Scientific classification
- Kingdom: Plantae
- Clade: Tracheophytes
- Clade: Angiosperms
- Clade: Eudicots
- Clade: Rosids
- Order: Malpighiales
- Family: Salicaceae
- Genus: Salix
- Species: S. bhutanensis
- Binomial name: Salix bhutanensis Flod.

= Salix bhutanensis =

- Genus: Salix
- Species: bhutanensis
- Authority: Flod.

Shrub in the genus of willows

Salix bhutanensis is a shrub or small tree from the genus of willow (Salix) found in Nepal, Bhutan, and Tibet. It has young, densely brownish green tomentose hairy branches and 3 to 5.5 centimeters long leaf blades.

==Description==
Salix bhutanensis is a shrub or tree up to 3 meters high with spread branches. Young twigs are densely hairy, brownish-green, tomentose, biennial twigs are about 4 millimeters thick. The leaves have an approximately 3 millimeter long, densely hairy stalk. The stipules are ovate to lanceolate, finely hairy and have a serrated leaf margin. The leaf blade is 3 to 5.5 centimeters long and 1.5 to 2.5 centimeters wide, elliptical, pointed, entire, with a blunt or rounded base. Eight to 11 pairs of nerves are formed. The upper side of the leaf is yellowish green, the underside gray-green.

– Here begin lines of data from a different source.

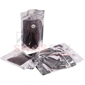 4. Clear / Shiny Silver Stand Up Pouch with Zipper & Valve for Coffee Packaging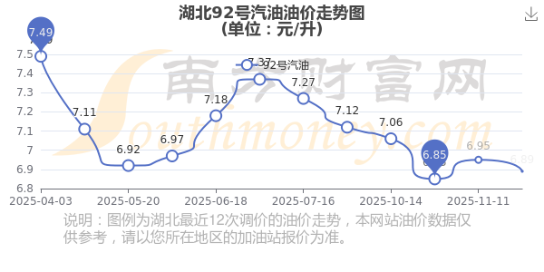 11月30日,湖北92號(hào)汽油的價(jià)格是6.89元每升,本次的調(diào)整時(shí)間為11月25日,對(duì)比上次的調(diào)整下跌了0.06元,下跌0.863%,下次調(diào)整時(shí)間為12月8日24時(shí),還有8.12天。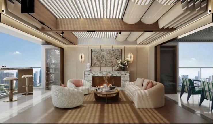 约2000方高定会所,谨为100户当代名望私享。以宋韵美学为底色,对望垂直山水庭院,融合空中私宴厅、恒温泳池、艺术雅集等,为塔尖构筑一方风雅际会、圈层交流的精神场域。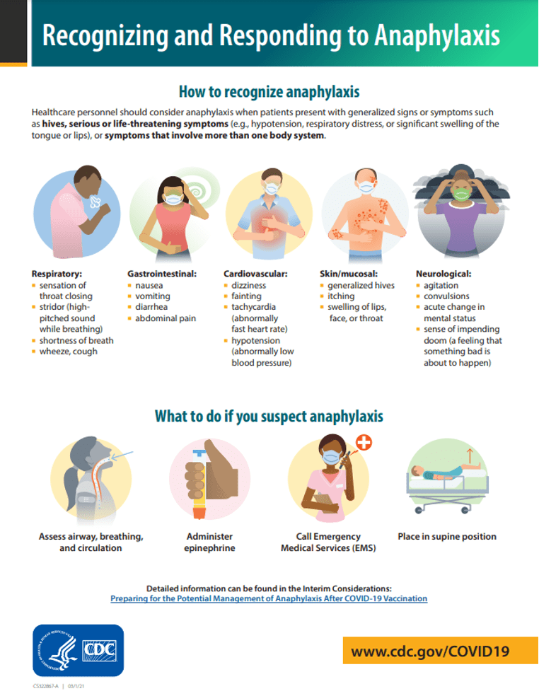 An infographic – Recognizing and Responding to Anaphylaxis is also available on this same website:

Male inflorescences are unknown. The female inflorescences are cylindrical, 5 centimeters long and 1.3 centimeters in diameter, dense-flowered catkins on a 1 centimeter long stalk with one to three leaves. The bracts are brown, ovate-lanceolate or lanceolate, about 1.8 millimeters long, dull brown on top and long hairy on the underside. The female flowers have an adaxial nectar gland. The ovary is stalked 0.3 to 1 millimeter long, narrow ovate-conical, 4 to 5 millimeters long, bare and upper side reddish. The stylus is 1 to 1.5 millimeters long or longer, the scaris more or less erect and two columns. The fruits are 6 to 7 millimeter long capsules. Salix bhutanensis flowers before or with the leaf shoots from May to June.

==Range==
The natural distribution area is on mountain slopes, in valleys, thickets and open forests in Nepal, Bhutan, and Tibet at altitudes of 2800 to 3500 meters.

==Taxonomy==
Salix bhutanensis is a species from the willow genus (Salix), in the family of Salicaceae. There it is assigned to the Lanatae section. It was described for the first time scientifically in 1940 by Björn Gustaf Oscar Floderus. The genus name Salix is Latin and has been from the Romans used for various willow species.

Synonyms of the species are Salix filistyla C. Wang & PY Fu and Salix himalayensis (Andersson) Floderus var. Filistyla (C. Wang & PY Fu) CF Fang.

==Literature==
- Wu Zheng-yi, Peter H. Raven (Ed.): Flora of China. Volume 4: Cycadaceae through Fagaceae. Science Press / Missouri Botanical Garden Press, Beijing / St. Louis 1999, ISBN 0-915279-70-3, pp. 250, 251 (English).
- Helmut Genaust: Etymological dictionary of botanical plant names. 3rd, completely revised and expanded edition. Nikol, Hamburg 2005, ISBN 3-937872-16-7 (reprint from 1996).